### WORK ORDER
Exact repetition of a range: find the line containing "先週木曜日・金曜日に種まきをした二十日大根の芽が出ました。" and the line containing "Beschreibung: 1975 Bp., Aczél" in the material below, then repeat both and all lines between them, leaving pictures out.

### RECORD EXCERPTS
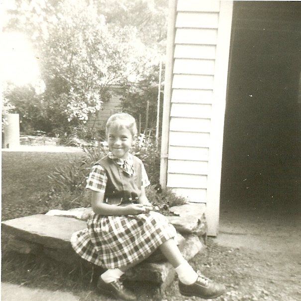 In another photograph, the first day of third grade for me, I am sitting on a rock boarder near our garage. From that image came a flood of memories – the smell of stiff new leather shoes, a new metal lunchbox stylishly tartan plaid, hair pulled back into a tight pony tail, and of course the smell of air on a morning in September when summer fades toward fall.
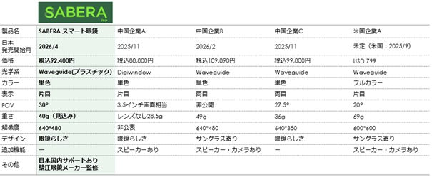 一般消費者向けARグラスは、海外メーカーを中心に製品展開が進んでおります。一方で、国内における同市場は未成熟であり、当社が先行する形で市場参入を行っています。各社製品においては、用途や設計思想に違いが見られる中、SABERAは日常利用を前提とした設計思想のもと、光学技術・装着性・UX設計のバランスを重視したプロダクトとして開発を進めています。
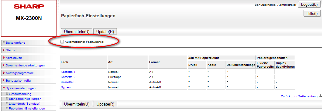 mein betrieb hat sich einen neuen drucker gekauft und zwar den kyocera km-3060 und ich darf es nun einstellen und hab ein problem mit dem papier. wie kann man es einstellen, dass der drucker eine fehlermeldung abgibt, wenn das papier einer kasette alle ist? es ist nämlich ziemlich ätzend, wenn man firmenpapier gerade benötigt und man druckt man 20 seiten aus und von denen sind dann 10 seiten auf normalen papier und man kann alles neu machen. und für den preis sollte man sowas eigentlich erwarten können und in der anleitung steht auch nichts dazu..
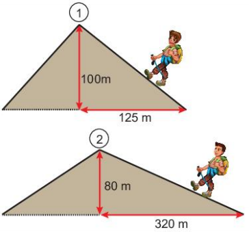 2. dağın yüksekliği 176 m daha fazla olsaydı; 2. dağın eğimi, 1. dağın eğimine eşit olurdu. | |
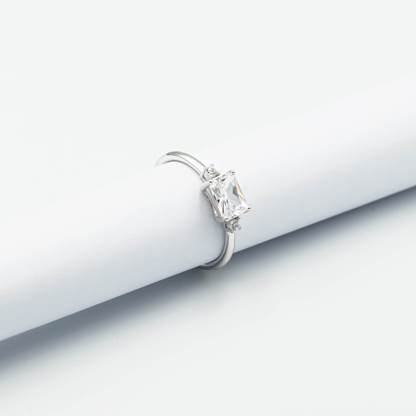 Inel Solitaire Francesca – Simplitate Elegantă + Strălucire Pură + Design Clasic – realizat din argint placat cu rodiu și decorat cu o piatră centrală zirconia.
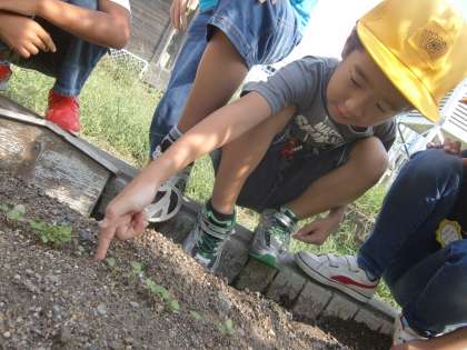 先週木曜日・金曜日に種まきをした二十日大根の芽が出ました。
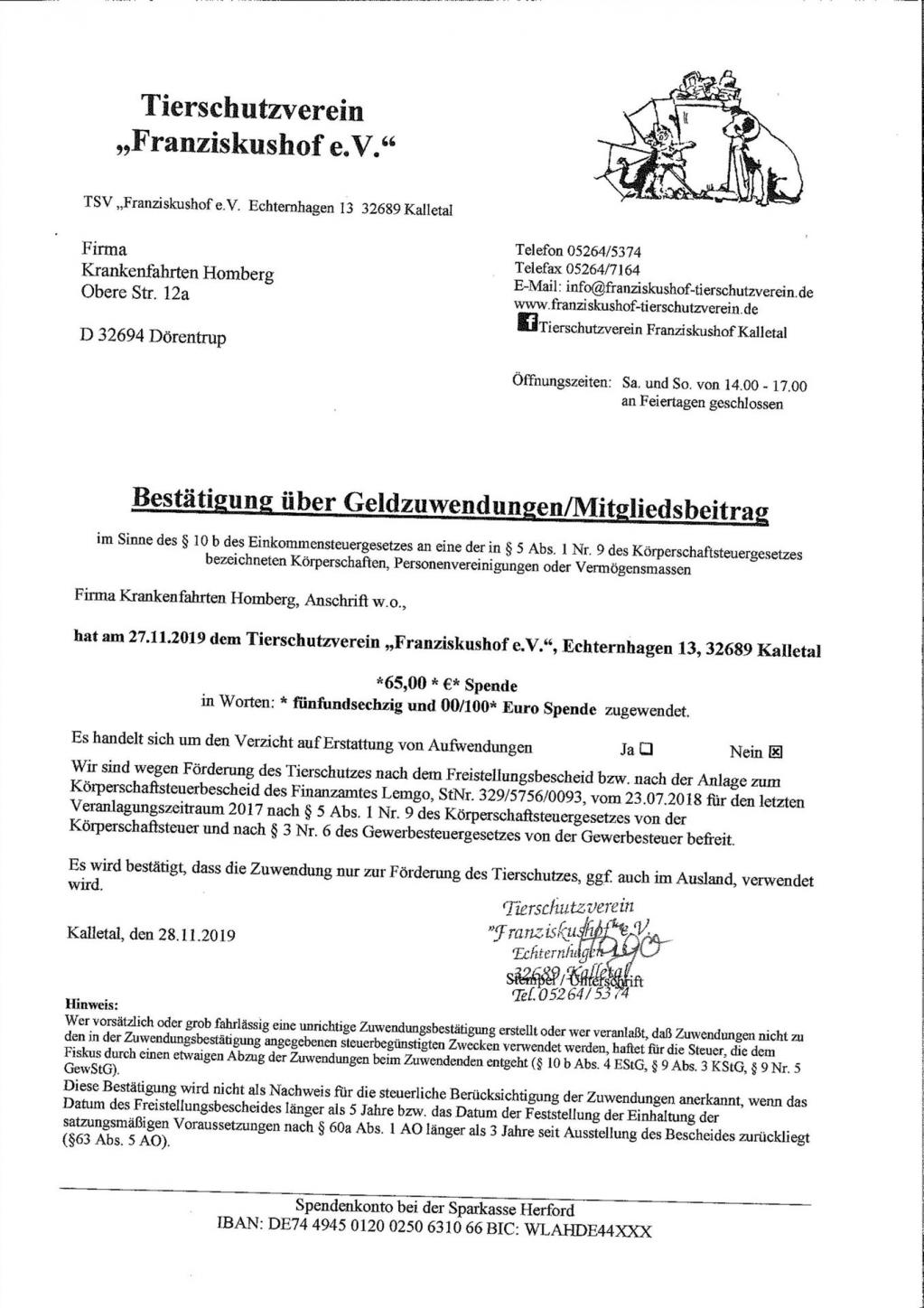 Wir haben den Spendenbetrag in Höhe von 65.00€ übergeben und den Tierschutzverein Franziskushof e.V. im Kalletal sehr glücklich gemacht.
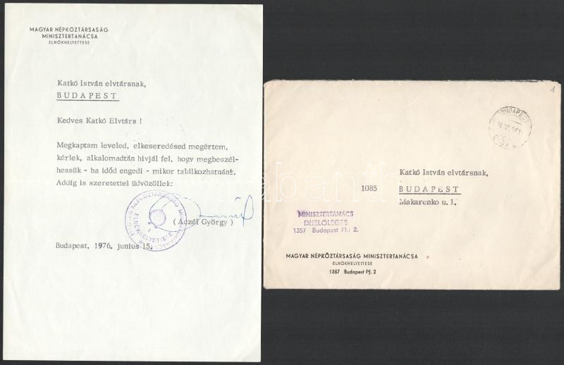 Beschreibung: 1975 Bp., Aczél György politikus, miniszterelnök-helyettes által aláírt levél és borítékja
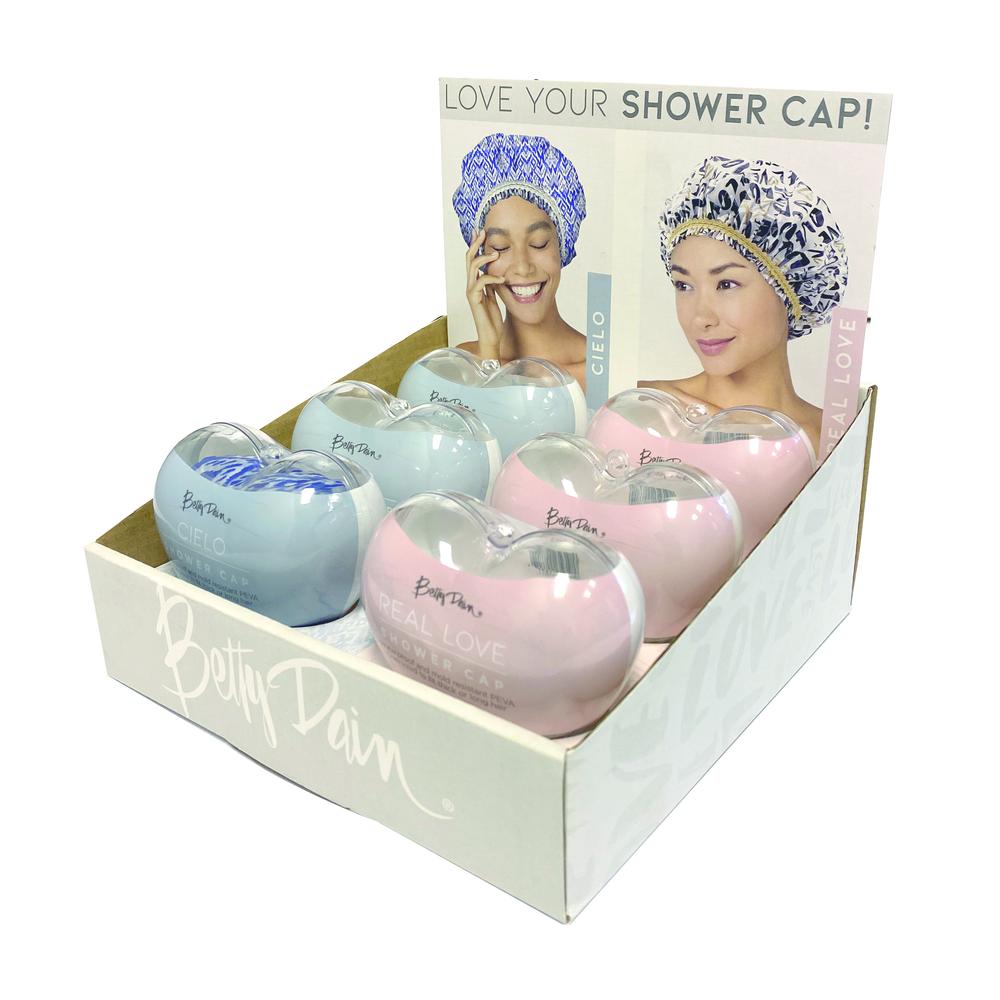 The Real Love & Cielo Display houses six durable and mold-resistant PEVA shower caps in heart-shaped containers.

### ANSWER AREA
 先週木曜日・金曜日に種まきをした二十日大根の芽が出ました。
 Wir haben den Spendenbetrag in Höhe von 65.00€ übergeben und den Tierschutzverein Franziskushof e.V. im Kalletal sehr glücklich gemacht.
 Beschreibung: 1975 Bp., Aczél György politikus, miniszterelnök-helyettes által aláírt levél és borítékja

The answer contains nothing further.